— А что с Некрасовым сталось? Не слыхал?
— Как не слыхать, слышали... В Саратове уж волжские казаки сказывали: как прибег это он на Дон, из-под Саратова-то, и видит: плывут это по Дону плоты, а на них виселицы, а на виселицах все наш брат — голытьба да казаки... Плывут это, покачиваются. А воронья-то всякого, птицы этой голодной, так все плоты и усеяла, да на виселицах сидят, да на казачьих плечах, глаза казачьи выклевывают... А по берегу-то казачки воем воют, мужьев да братьев своих провожают, малые детушки за ними бегут... Таково, сказывают, жалостно было.

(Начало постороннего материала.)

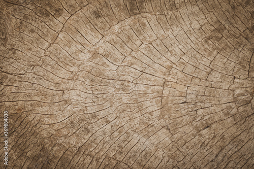 Old weathered wood texture background dark brown with tree rings natural grunge pattern.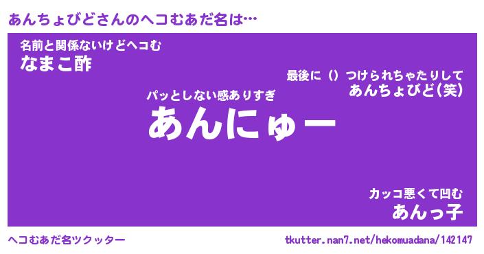 | ポケモン風あだ名 | 『アンチュウ』『アンチダネ』 |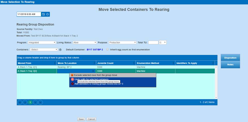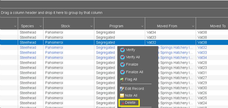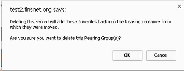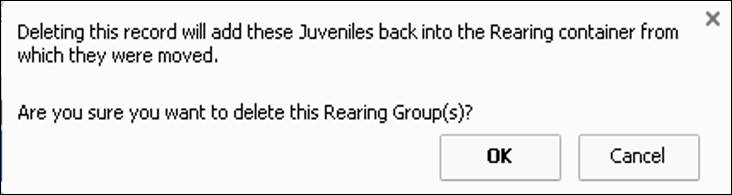 10) If intended, select ‘OK’ and the Deleted Move of Juveniles will be moved back into the Rearing Container from which they were moved out of (From Vat38 back into Vat32 in this example).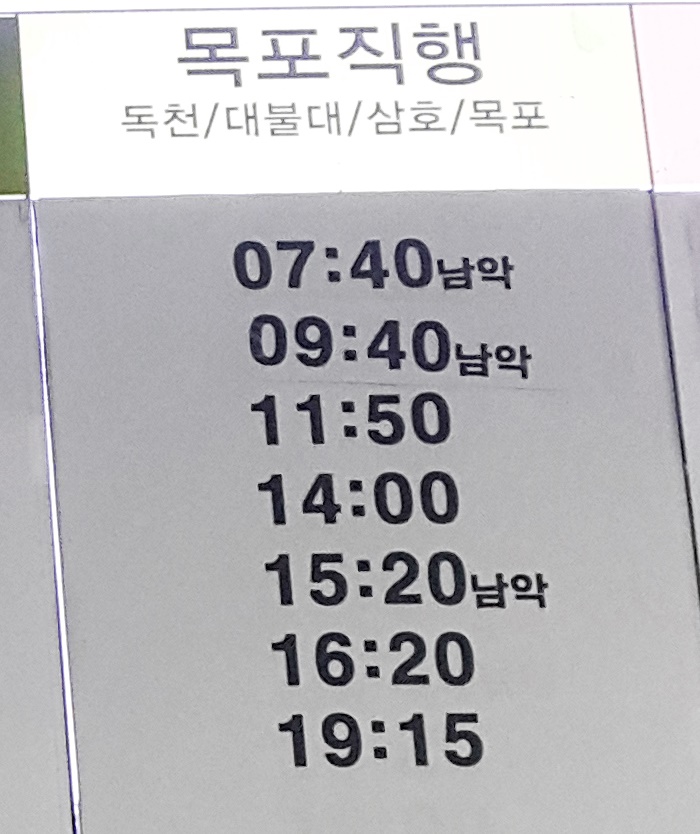 해남 출발 목포 직행, 독천, 대불대, 삼호, 목포 방면.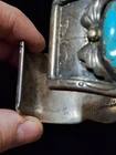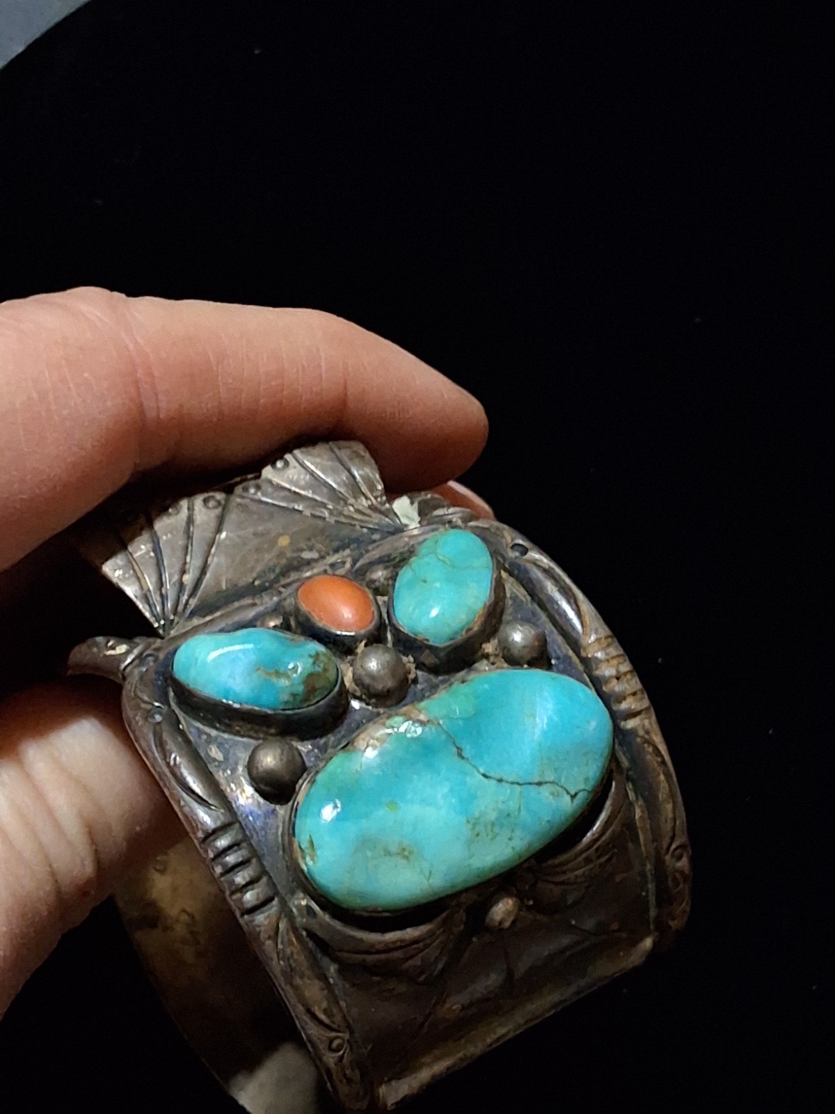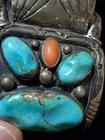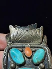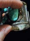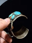 This vintage Native American Navajo silver watch band features a stunning blue turquoise stone set in sterling silver. The traditional charm, cuff style, and oval-shaped main stone make it a unique and beautiful piece of jewelry. Handmade in the United States, this signed bracelet exudes a sense of history and craftsmanship, perfect for those who appreciate ethnic and regional jewelry. The intricate design and quality materials make this watch band a standout accessory for both men and women. MARKED ZUNI, NEW MEXICO, NOT SURE IF THAT WAS THE MAKER OR OWNER SHIPPED USPS GROUND ADVANTAGE

В первый раз Левин слышал эти подробности. Многое доходило до него и до товарищей его по службе из тысячи слухов, бродивших по Руси, но таких подробностей он не слыхивал. И в душе его все сильнее и сильнее звучала нехорошая нота.
— Как увидал это Некрасов с товарищи, а с ним было тысячи две, — как увидал он это — снял шапку, перекрестился и говорит, к тем-то, что на плотах висячи плыли: «Прощайте, братцы-товарищи! Спасибо вам, что за веру постояли... Плывите с Богом вниз по тихому Дону, мимо станиц да куреней родимых. Опоганена земля православная, нечего и ложиться в нее костям казацким. Плывите, родимые, в чужую землю, в турецкую, там легче теперь жить, чем на Руси православной. Я и сам иду в чужую землю, в турецкую... Прощайте, братцы!» И как гаркнет, говорят, за ним все его войско: «Прощайте, братцы!» — как всполохнется с плотов птица, воронье да карга всякая, так точно хмара над Доном пронеслася... Так и уехал Некрасов с своими молодцами в турецкую землю.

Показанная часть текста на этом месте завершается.